WebNovels

Chapter 3 - The Village of Grey Ash

The recruitment truck rumbled like a dying beast, its suspension groaning over potholes that felt like craters. Veles sat squeezed between a shivering girl with dyed red hair and a hulking boy who smelled faintly of vomit. He closed his eyes, trying to sleep away the six-hour drive to the processing center, but sleep only brought the old nightmare.

It was always the same. The cold that bit through his thin jacket. The smell of cordite and damp earth. The relentless, thumping rhythm of artillery in the distance — the heartbeat of a dying country.

He was eight years old again.

"Keep up, Veles. Don't let go of my hand," his mother whispered, her voice tight with a terror she tried to hide for his sake. Her grip was bone-crushing.
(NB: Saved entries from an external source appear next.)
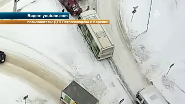Видео: в Петрозаводске гололед спровоцировал цепочку ДТП
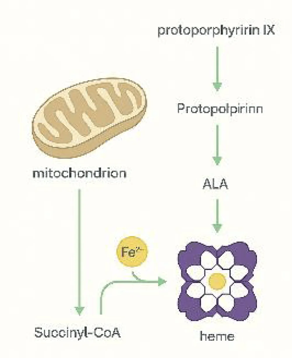 Figure 4, Heme biosynthesis begins in the mitochondria, where glycine reacts with succinyl-CoA via ALA synthase, producing 5-aminolevulinic acid (ALA). This reaction is the initial and rate-limiting step in heme formation, which later contributes to hemoglobin production.
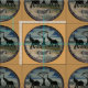 This artwork portrays a harmonious scene set within a circular frame, reminiscent of a medallion or cameo. The elephants are depicted trumpeting, suggesting a joyful return or a call, while the zebra stands watchfully in the foreground, adding depth to the composition.
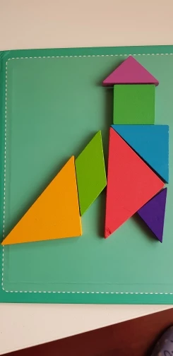 Contiene siete piezas de rompecabezas: cinco triángulos isósceles de ángulo recto (dos triángulos pequeños, uno mediano y dos grandes), un cuadrado y un paralelo
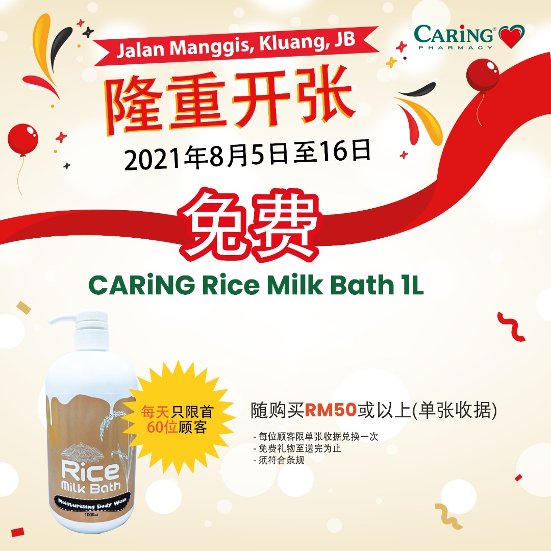 即日起至16日,凡购买50令吉或以上者(凭单张收据), 就能免费获得CARiNG Rice Milk Bath 1公升。
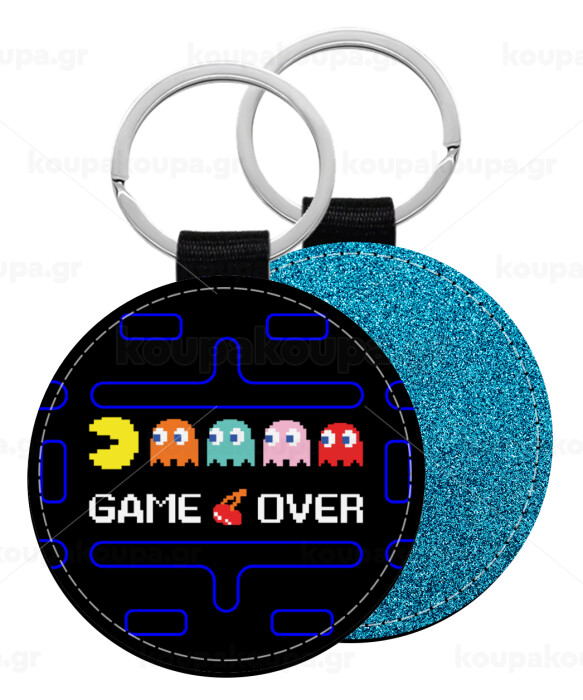 GAME OVER pac-man, Μπρελόκ Δερματίνη, στρογγυλό ΜΠΛΕ (5cm)
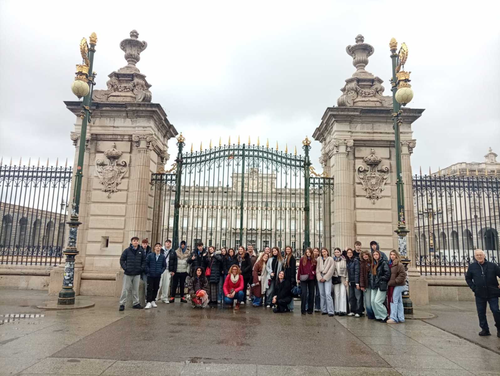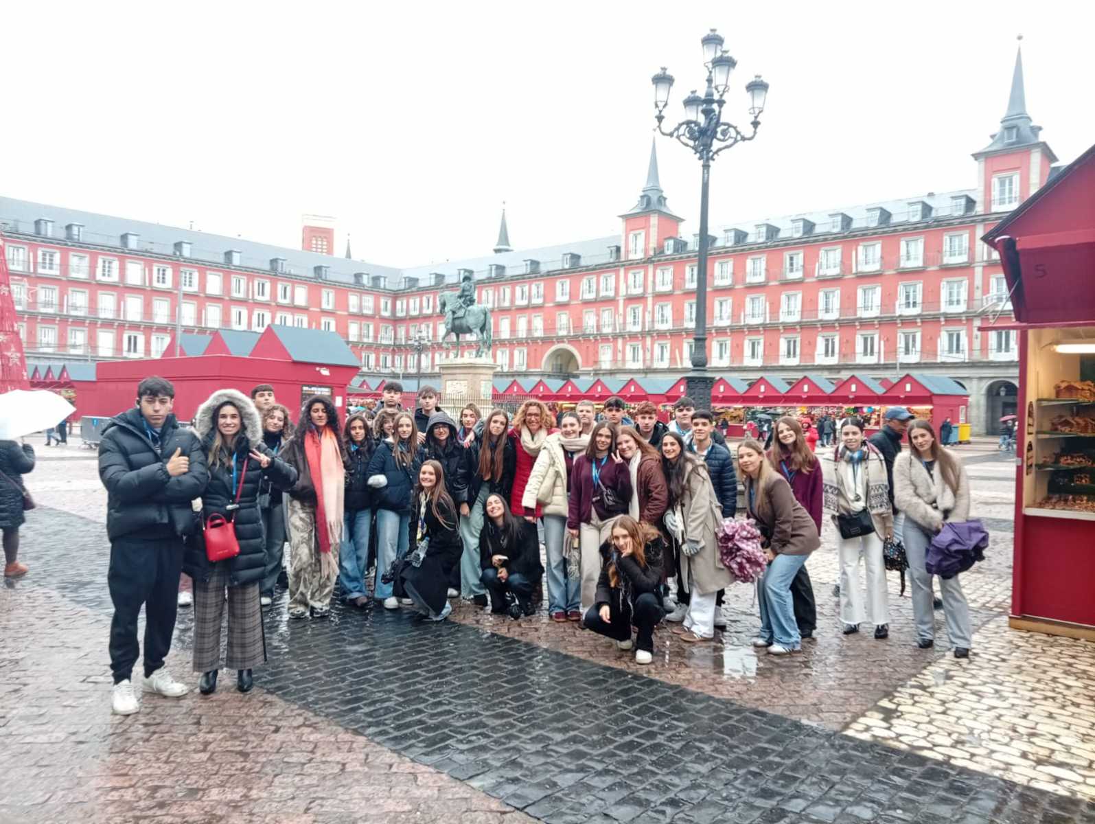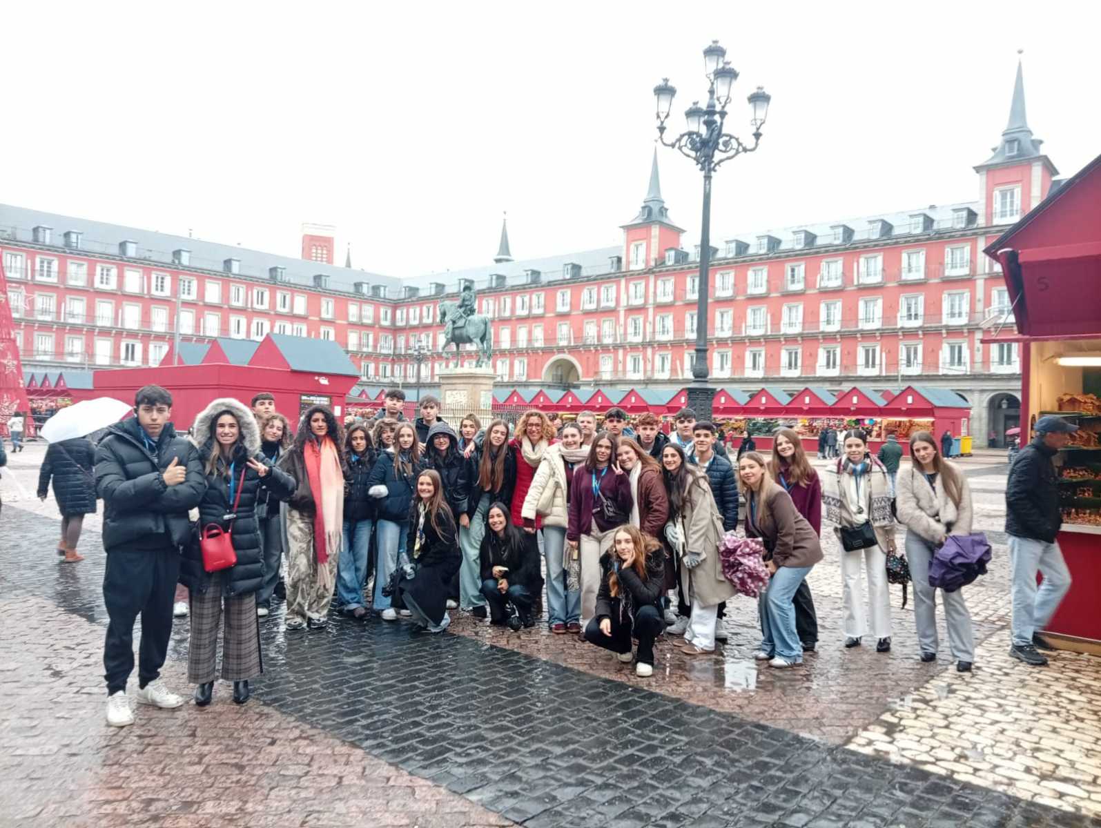 En el segundo y último día por Madrid, el alumnado de 2º de Bachillerato ha visitado por la mañana las calles del casco histórico y sus sitios más emblemáticos, como la Puerta del Sol, el Palacio Real, la Catedral de la Almudena y Plaza Mayor. En este último, los estudiantes han visitado el Mercadillo Navideño, donde han hecho unas compras para sus respectivas casas. Por la tarde, alumnado y profesorado han disfrutado de una cálida merienda todos juntos y para finalizar, han realizado un paseo por el famoso Parque “El Retiro”.
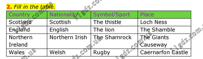 Fill in the table. Country Nationality Symbol/Sport Place Scotland Scottish The thistle Loch Ness England English The lion The Shamble Northern Ireland Northern Irish The Shamrock The Giants Causeway Wales Welsh Rugby Caernarfon Castle
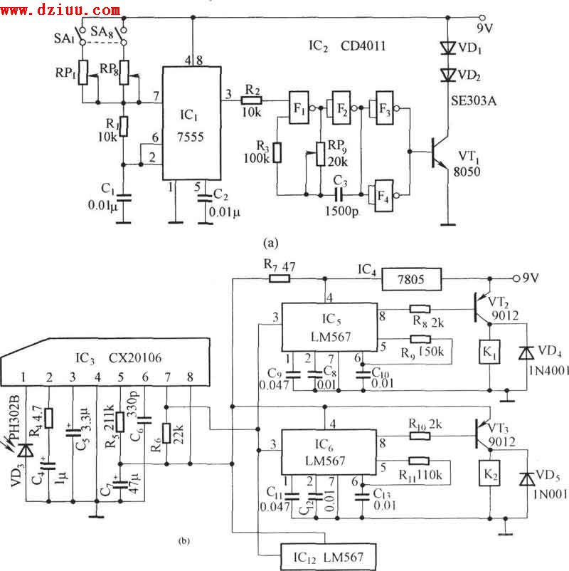 電路中由CX20106、LM567組成。元器件少,方便制作。電路圖如下:
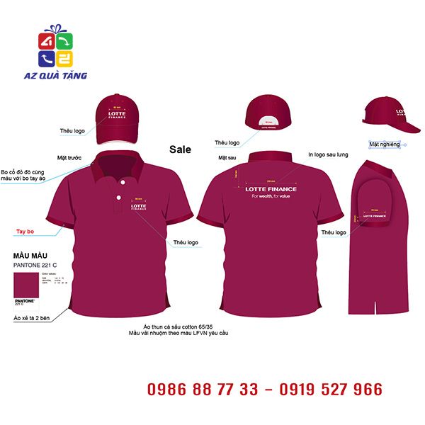 - Logo: in logo sau lưng, thêu logo trước ngực và tay áo.

They were running through the night, leaving behind the burning silhouette of Kharkiv. His father led the way, carrying two heavy suitcases that held the remnants of their lives. They were headed for the Polish border, a promised land that felt a million miles away.

They had been walking for two days when the shelling got closer. The sky flashed orange, silhouetting the skeletal remains of trees. They needed shelter.

They found the village by accident. It wasn't on their map. It didn't have a name post. It was just a cluster of blackened timber frames and collapsed stone chimneys rising from the snow like broken teeth. Everything was covered in a fine layer of grey ash that muffled their footsteps.

"We'll rest here for an hour," his father said, his breath pluming in the freezing air. "Just an hour."

They found a root cellar beneath the ruins of what might have been a baker's shop. It smelled of rotted potatoes and ancient dirt. His parents huddled together in the corner, whispering frantically about routes and rations.

Young Veles, too wired with adrenaline to sit still, wandered toward the back of the cellar. The darkness there was thicker, heavier.

He felt it before he saw it. A low hum in the air, vibrating in his teeth. It wasn't mechanical; it felt primal, like the growl of a sleeping predator.

He pushed aside a rotting wooden crate and saw it.

It shouldn't have survived the fires that ravaged the village. It was a totem, maybe two feet tall, carved from wood so dark it seemed to absorb the faint light filtering from above. It didn't look like the Christian icons his grandmother kept. This was older. Rougher.

Carved into the wood was a stern, bearded face crowned with curled horns. Below the face were symbols — runes depicting cattle, grain, and skulls.

Veles knew who it was, though he didn't know how. His grandfather used to tell stories about the old gods, the ones before the churches were built.

Veles. The god of the earth. The guardian of the gateway between the living and the dead.

The totem didn't look inanimate. It looked waiting.

An eight-year-old's curiosity is a dangerous thing, stronger even than fear. Veles reached out. His small fingers brushed against the cold wood of the totem's carved eye.

Zap.

It wasn't an electric shock. It was a cold spike driven straight into his mind. The world tilted. The smell of rotting potatoes vanished, replaced by the scent of deep, damp soil and old blood. A whisper, loud as thunder, echoed in a language he didn't know but somehow understood.

"Veles! What are you doing back there?" his father's voice snapped him back.

Veles jerked his hand away. The totem was just wood again. The hum was gone.

"Nothing, Papa," Veles lied. It was the last lie he would ever tell without pain.

An hour later, they were running again. Two days later, they crossed the border. Three years later, the drunk driver took them away, and Veles was left alone in this only slightly familiar country with a silent System burning a hole in his soul.

A pothole jarred Veles awake. He gasped, tasting the phantom ash on his tongue. He looked at his hand in the dim light of the truck. The invisible tattoo throbbed, a permanent reminder of the contract he didn't remember signing in the village of grey ash.